Marin placed first in Anime Corner's "Best Girl of Winter 2022 Season", garnering 8.99% of the votes. In the 2022 Anime Grand Prix, Marin took fifth place for Best Female Character. She ranked seventh in the same category at the 12th Newtype Anime Awards. In the 2023 Magademy Award, Marin received the award in the "Best Leading Actress" category, which is given to manga characters. In the AnimeClick.it Neko Awards 2023, Marin won the Best Waifu award with 52.62% from 261 voters. At the 7th Crunchyroll Anime Awards, Marin was nominated for "Best Main Character" and "Must Protect At All Costs" Character. Five of Marin's international voice actors were nominated for the "Best Voice Artist Performance" category, namely AmaLee (English), Ula Zidan (Arabic), Gabrielle Pietermann (German), Deborah Morese (Italian), and Erika Langarica (Spanish); however, they lost to Zach Aguilar's David Martinez, Amal Hajiwa's Gon Freecss, René Dawn-Claude's Satoru Gojo, Elisa Giorgio's Maki Zen'in, and Alejandro Orozco's Gyutaro, respectively. At the 10th edition, Erika Langarica was nominated again in the Spanish voice acting category for her character's portrayal.
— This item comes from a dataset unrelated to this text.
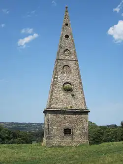 Le parc anglais d'une superficie de cent hectares, aménagé, vers 1820, sous la Restauration, par le comte Alexandre du Moncel[16], comporte bois, prairies, étangs, cascade, des sculptures (deux lions soutenant deux colonnes torses en marbre de Vérone, une statue de femme en marbre de Gaetano Motelli) et des fabriques dont un obélisque (« haute folie ») du XVIIIe siècle, probablement ériger par Alexandre du Moncel, sur une hauteur à la limite avec Hardinvast, au bout d'une avenue menant au château. Il s'agit d'une tour de plusieurs mètres de hauteur avec une toiture très pointue percée sur chaque face de cinq oculi, et à laquelle on accède par un escalier intérieur[12].
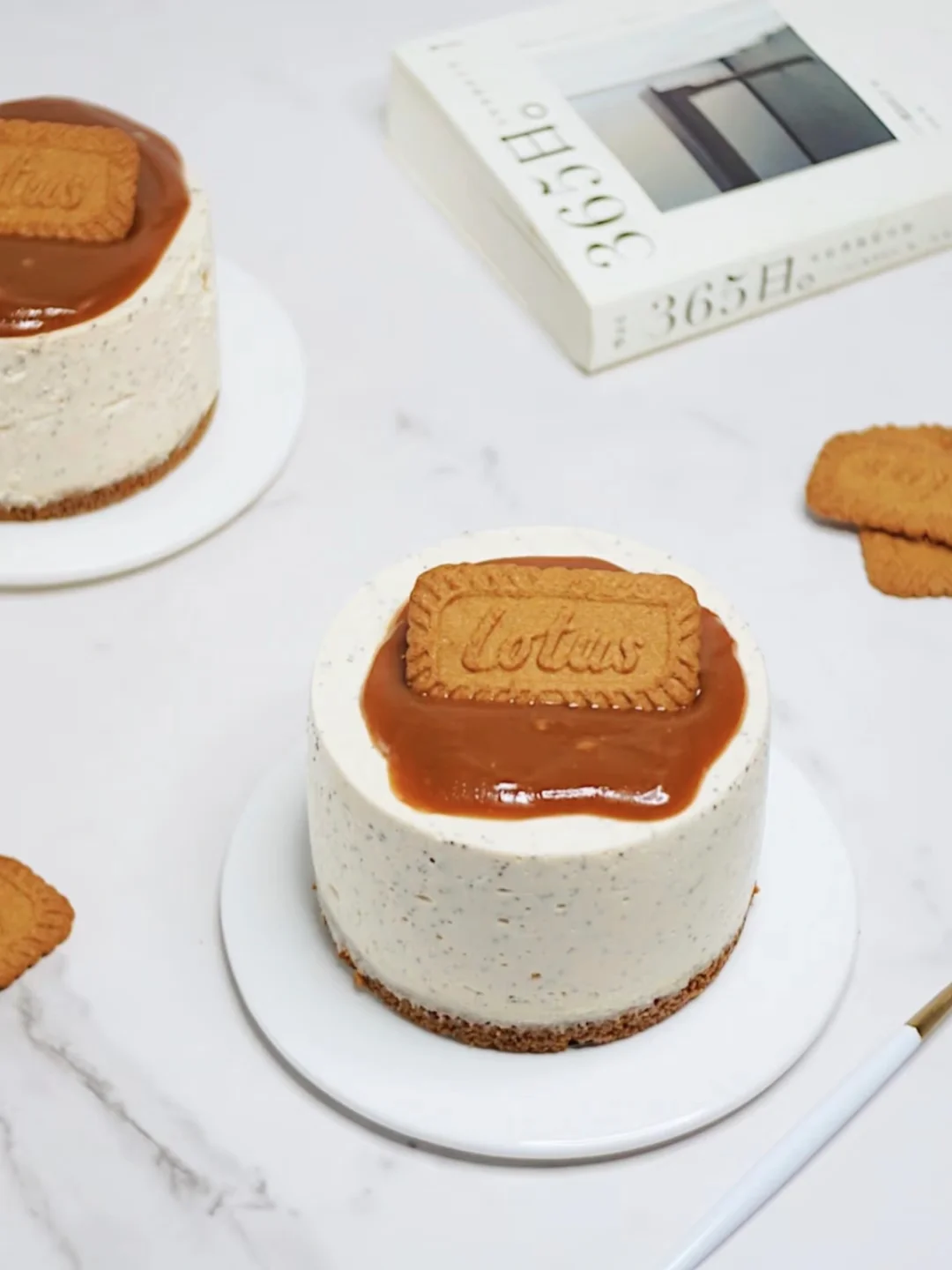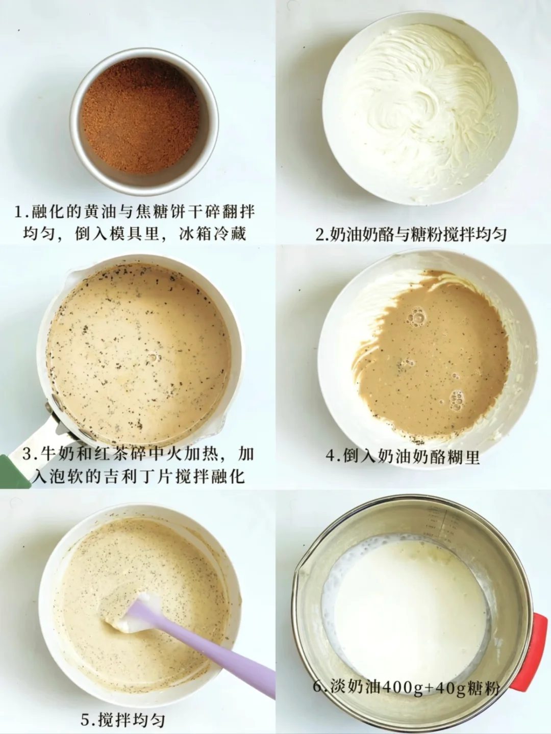 焦糖饼干打底,浓郁的红茶与奶酪糊搭配的恰到好处 搅一搅,拌一拌,放入冰箱冷藏 淋上浓稠的海盐焦糖酱 细腻顺滑,层次丰富,新手也能成功哦 · 👩🏻‍🍳【配方:】 焦糖饼干100g|黄油60g [烟花R]芝士糊:奶油奶酪240g|淡奶油400g|牛奶80g 细砂糖70g|吉利丁片15g|红茶碎6g [烟花R]焦糖淋面:细砂糖70g|温水15g|淡奶油60g|黄油16g|海盐2g · 👩🏻‍🍳【做法:】 1️⃣饼干碾碎与融化的黄油翻拌均匀,倒入模具里,压平放入冰箱冷藏 2️⃣奶油奶酪与30g细砂糖搅拌均匀顺滑,牛奶和红茶碎倒入奶锅里,中火加热煮出茶香,加泡软的吉利丁片,搅拌均匀,倒入奶酪糊里再次搅拌均匀 3️⃣淡奶油➕40g细砂糖打发至有纹路,浓稠的酸奶质地,与红茶奶酪糊翻拌均匀,倒入模具里。冰箱冷藏4个小时 4️⃣奶锅里倒入细砂糖和温水,中火熬煮到想要的琥珀色,离火以后缓慢倒入温热的淡奶油,继续小火加热,熬煮浓稠以后就可以离火。 5️⃣放黄油和海盐,利用余温,搅拌均匀融化,放凉 6️⃣冷藏好的蛋糕脱模,淋上放凉的焦糖酱 · ⚠️熬煮焦糖的时候,轻晃奶锅就可以,不要搅拌糖水,避免反砂;配方可以做2个4寸圆形,一个6寸高一点的

Japanese model and influencer Akari Akase cosplaying as Marin was widely featured on television and social media platforms, making Marin famous beyond the traditional anime audience. Marin's image has inspired many cosplayers since the manga's premiere; renowned costume designer Nymphahri shared her vision of the schoolgirl, recreating some of the character's signature poses.

In an interview, director Keisuke Shinohara called Marin "a character we haven't seen before," noting her unique position as a girl who is the first to confess her love, which resonated particularly strongly with female viewers.

The Times of India described the series as "from niche to global phenomenon," where Marin became "a massive favorite among cosplayers and anime fans."